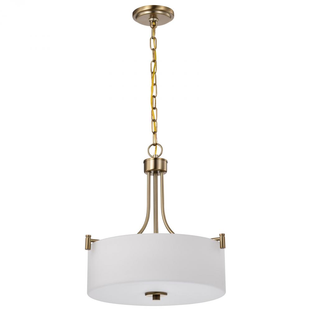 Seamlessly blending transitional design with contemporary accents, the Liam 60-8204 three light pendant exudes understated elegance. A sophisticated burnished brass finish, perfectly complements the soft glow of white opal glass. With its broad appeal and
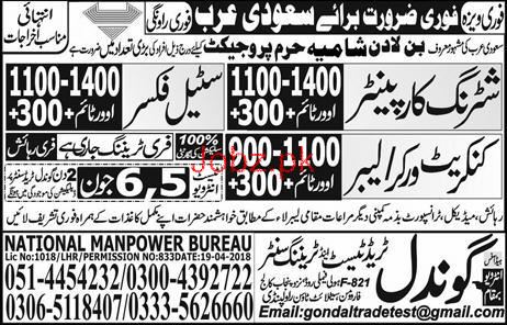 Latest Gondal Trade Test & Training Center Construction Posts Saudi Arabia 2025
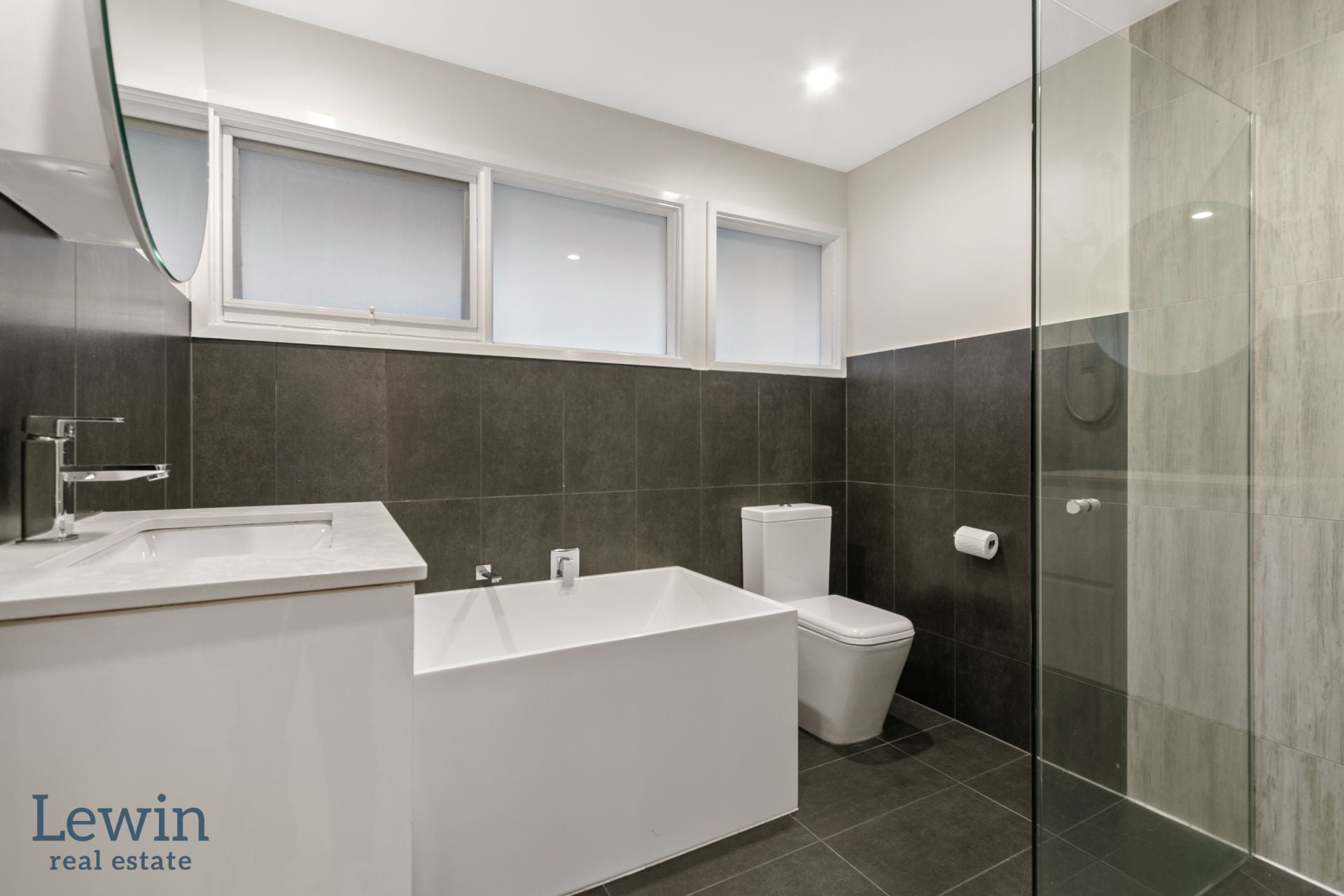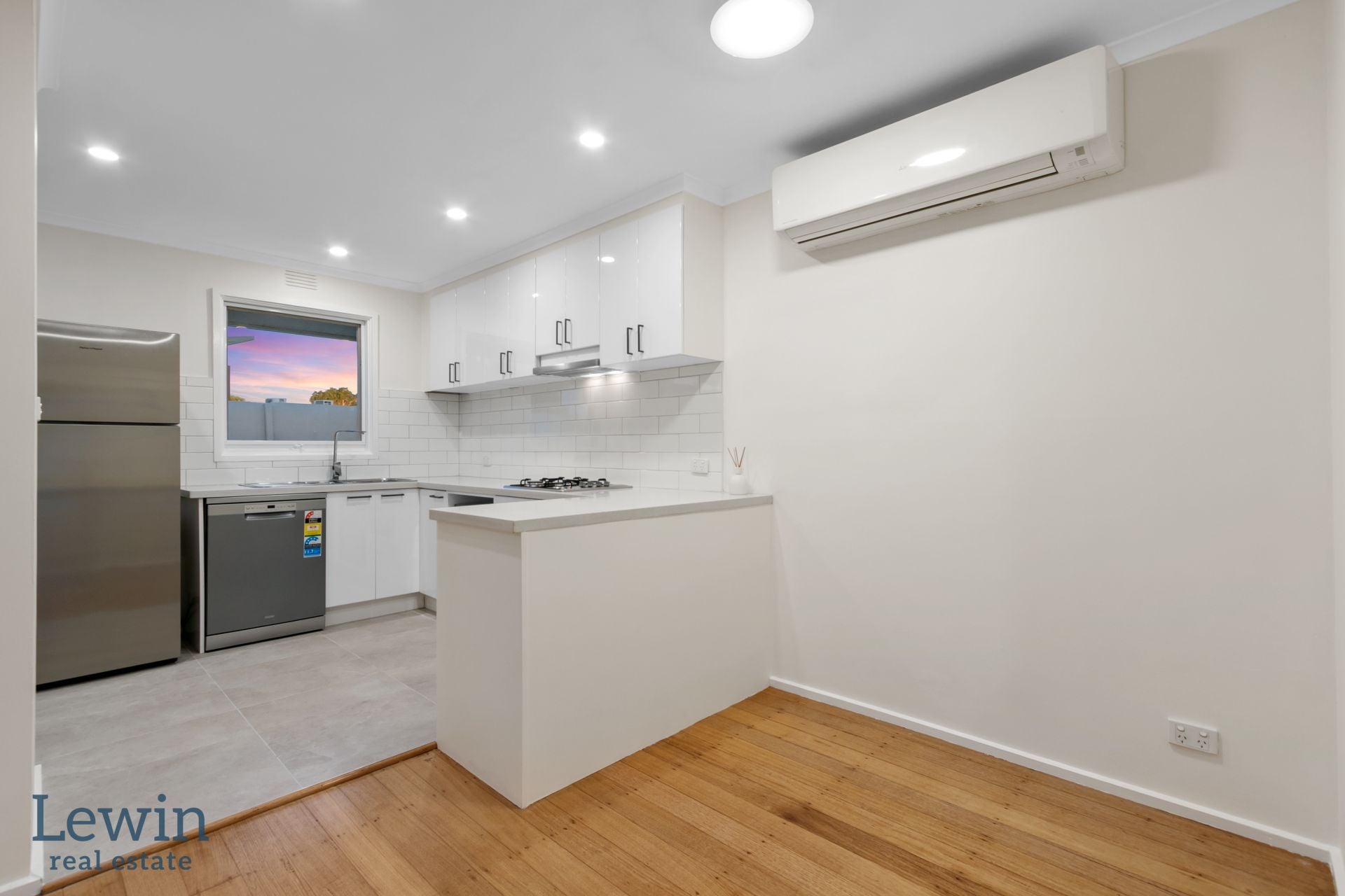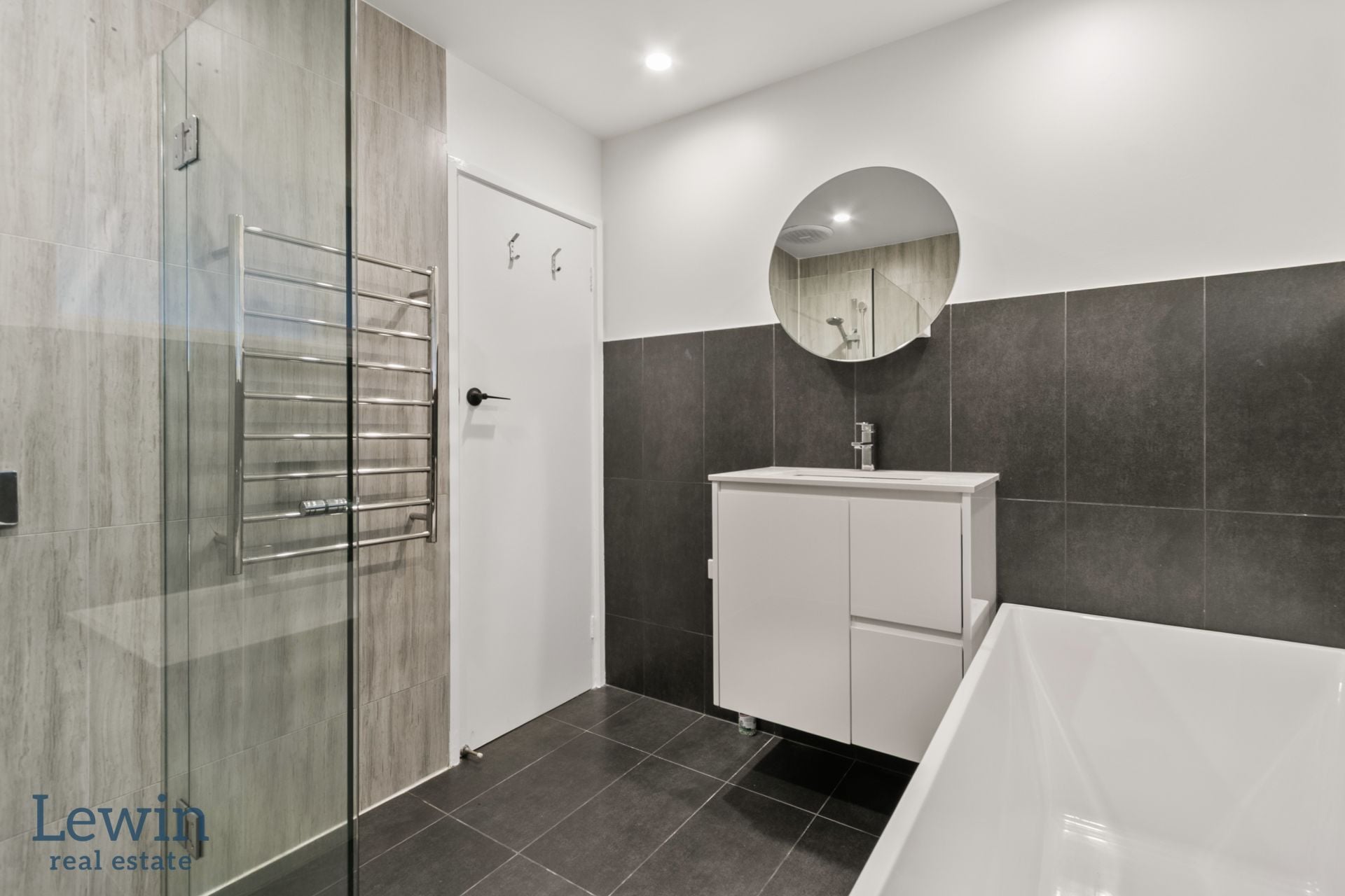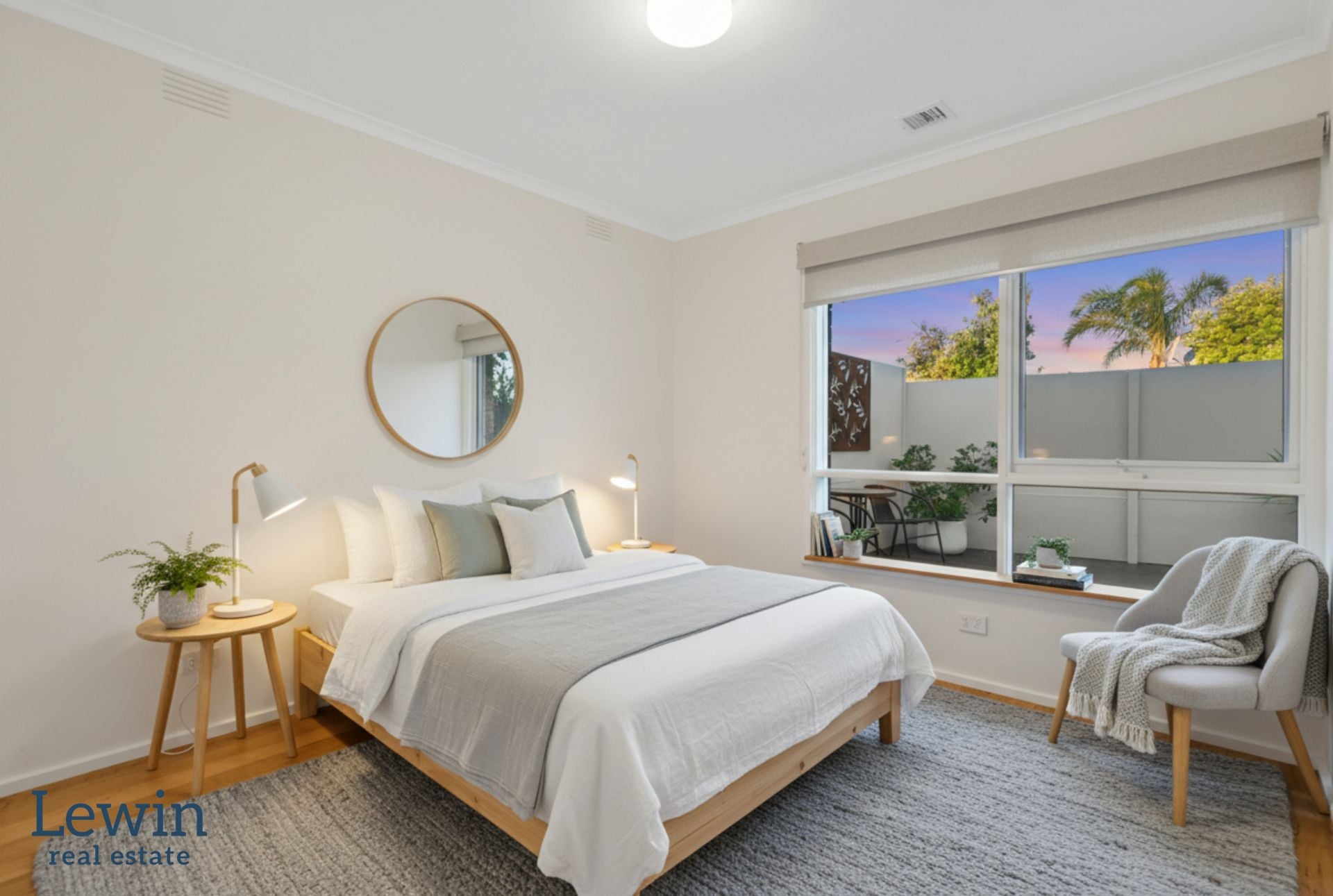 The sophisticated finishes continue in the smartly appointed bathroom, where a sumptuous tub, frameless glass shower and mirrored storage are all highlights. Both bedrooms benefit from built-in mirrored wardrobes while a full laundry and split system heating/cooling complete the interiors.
______
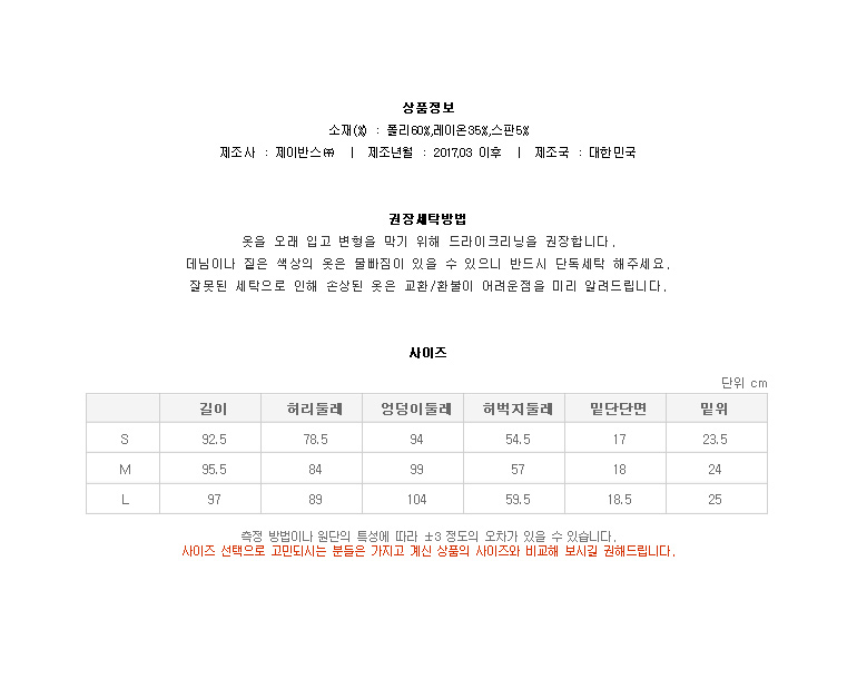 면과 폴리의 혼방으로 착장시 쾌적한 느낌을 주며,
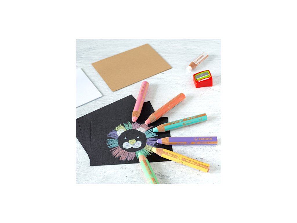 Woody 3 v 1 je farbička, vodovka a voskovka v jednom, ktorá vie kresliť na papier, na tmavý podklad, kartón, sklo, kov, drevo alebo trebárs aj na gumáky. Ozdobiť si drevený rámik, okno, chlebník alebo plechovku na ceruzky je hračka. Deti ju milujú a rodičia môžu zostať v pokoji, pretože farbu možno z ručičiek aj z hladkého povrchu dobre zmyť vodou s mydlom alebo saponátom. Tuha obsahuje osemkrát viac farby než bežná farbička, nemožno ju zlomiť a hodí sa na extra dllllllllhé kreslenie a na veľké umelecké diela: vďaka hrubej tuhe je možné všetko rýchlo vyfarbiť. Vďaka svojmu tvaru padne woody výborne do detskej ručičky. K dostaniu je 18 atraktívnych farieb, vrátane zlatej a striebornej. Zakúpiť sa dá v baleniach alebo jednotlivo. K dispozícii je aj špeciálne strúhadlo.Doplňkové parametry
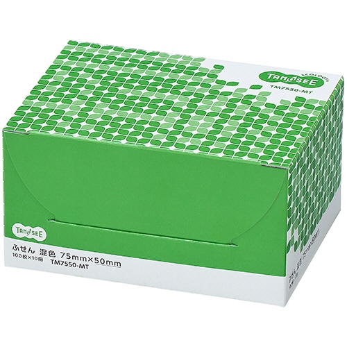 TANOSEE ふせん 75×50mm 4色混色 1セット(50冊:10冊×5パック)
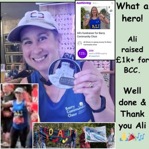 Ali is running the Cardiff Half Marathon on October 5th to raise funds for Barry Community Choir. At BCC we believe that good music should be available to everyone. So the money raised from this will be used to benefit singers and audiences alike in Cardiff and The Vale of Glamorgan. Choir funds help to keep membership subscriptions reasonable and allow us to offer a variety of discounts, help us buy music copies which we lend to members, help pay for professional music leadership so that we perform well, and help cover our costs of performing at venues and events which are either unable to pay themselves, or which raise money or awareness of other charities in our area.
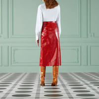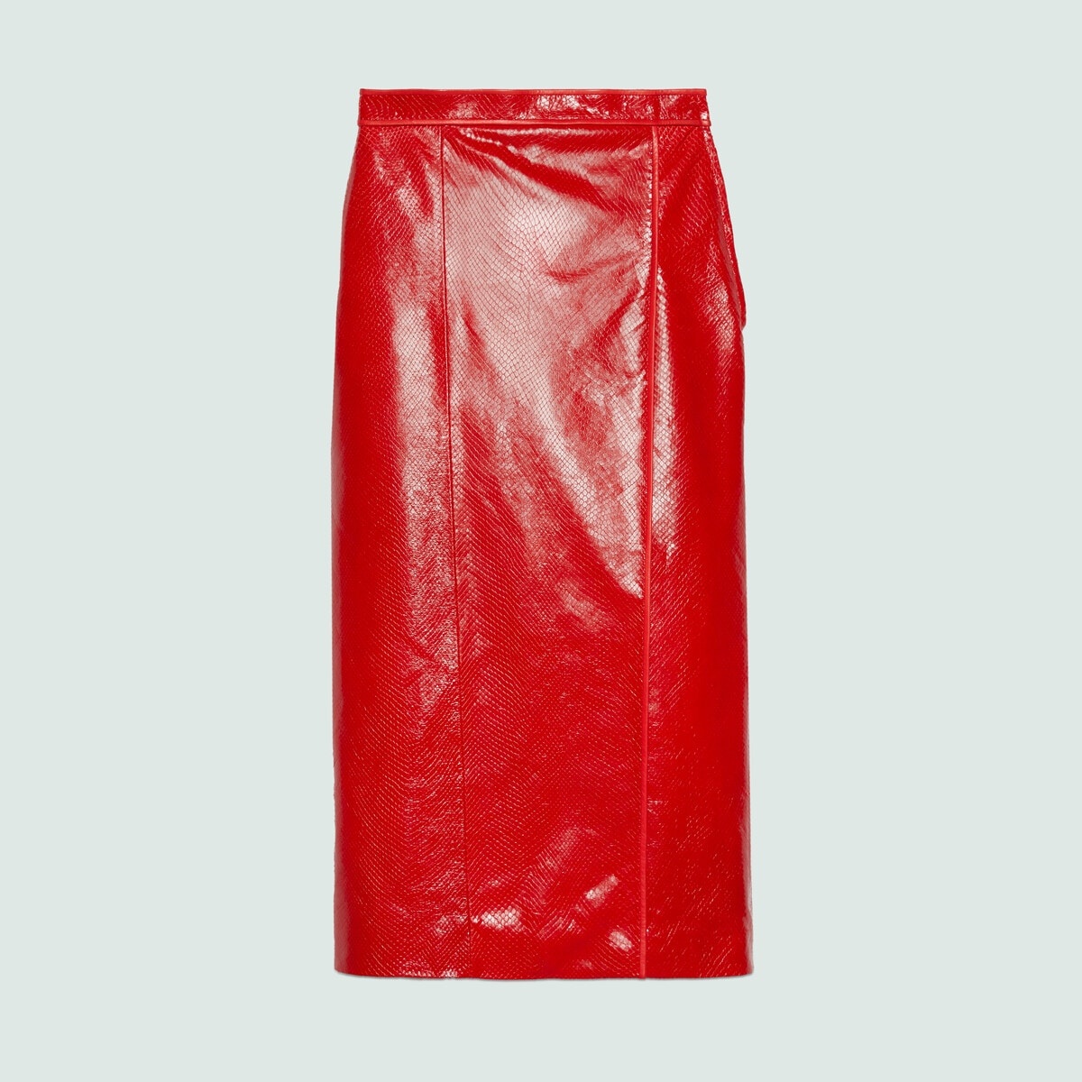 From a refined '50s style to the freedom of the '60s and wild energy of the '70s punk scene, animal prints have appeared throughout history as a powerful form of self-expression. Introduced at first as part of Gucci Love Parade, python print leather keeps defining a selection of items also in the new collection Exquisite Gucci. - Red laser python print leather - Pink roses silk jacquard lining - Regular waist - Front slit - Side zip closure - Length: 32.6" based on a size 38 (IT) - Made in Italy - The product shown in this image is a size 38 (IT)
______
WHAT NEEDS TO BE DONE ::
A clean copy is needed of the lines in the listing above from the one with "Seamlessly blending transitional" through the one with "The sophisticated finishes", exact in every word and free of pictures.

FINISHED TASK ::
 Seamlessly blending transitional design with contemporary accents, the Liam 60-8204 three light pendant exudes understated elegance. A sophisticated burnished brass finish, perfectly complements the soft glow of white opal glass. With its broad appeal and
 Latest Gondal Trade Test & Training Center Construction Posts Saudi Arabia 2025
 The sophisticated finishes continue in the smartly appointed bathroom, where a sumptuous tub, frameless glass shower and mirrored storage are all highlights. Both bedrooms benefit from built-in mirrored wardrobes while a full laundry and split system heating/cooling complete the interiors.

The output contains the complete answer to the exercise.